Giorgi cleared his throat and straightened up. Eka watched his face. He looked like he had found an answer within the chaos.
“Some really valuable points have come up,” Giorgi began. Everyone turned to him. “First, multiple factors influence sales. Each one needs to be understood individually—promotions, shelving, and customer service. But the biggest realization for me today is this: this place wasn’t meant to be just a store. And it shouldn’t become one. If the goal is to introduce customers to wine culture—to make them fall in love with wine, to earn their trust by helping them find the right one—then the most effective sales mechanism is wine tasting. Which you’re already doing. But maybe now, you could look at that process a little differently.
“It’s not just about pouring interesting wines. The tasting moment could be more intimate, more personal. Ask the right questions. Offer thoughtful suggestions. Remember their taste for next time. A sommelier’s role shouldn’t be limited to simple consultation. The aim should be quality consultation.
“That doesn’t mean standing in one place. What matters is where their attention is directed. They should be thinking about how to create a meaningful experience. They can explain these approaches to other staff. They can decide who will take over when they step away from the table. I think they’ll handle that responsibility just fine,” he added, turning to Nika with a raised brow and a smile, “and they might even enjoy it more.”
Nika smiled too, bowing his head slightly. His shoulders relaxed.
After the meeting, he told Giorgi and Eka:
“To be honest, I really like this sommelier idea. I hadn’t thought about it that way, but the moment you said it, it just clicked. It made sense of everything. The goal should be introducing customers to quality wine and keeping them coming back. Sales on their own are just empty numbers, right?”
Giorgi agreed and shook his hand, smiling.

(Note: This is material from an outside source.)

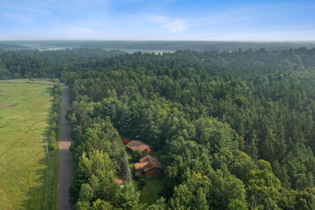 This picturesque scenic country living home is on 40 acres of beautifully wooded land. While there is only one large master bedroom, on the main level there is additional sleeping space available in the lower level. There is much opportunity in finishing the lower level for an entertainment room or exercise room. It has a two car detached garage with a bunk area for your extra guests. The view on this land is breathtaking with the wildlife and for all you hunters to enjoy. The home has a porch with a wood burning stove. There are two extra sheds as a storage area. This home site is private and located less than a mile from Hwy 35, approximately 3 miles south of the village of Siren, which offers shopping, schools, and employment opportunities. Additionally, several area lakes within a 4 mile radius. Come and see your beautiful country living dream home.
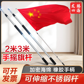 旗加杆 加厚3米手摇伸缩旗杆3号国旗2米不锈钢五星...

Eka checked her watch. It was 7 PM.
It had been an interesting day.
It was fascinating how, by simply structuring the process properly, outsiders like her and Giorgi could see the situation with fresh eyes and find solutions.
Solutions that seem obvious in hindsight—but even the most competent, motivated people can overlook them in the blur of daily chaos.
She glanced at the tasting table next to her. Around twenty bottles stood in an arc.
A little sip before going home wouldn’t be so bad, she thought.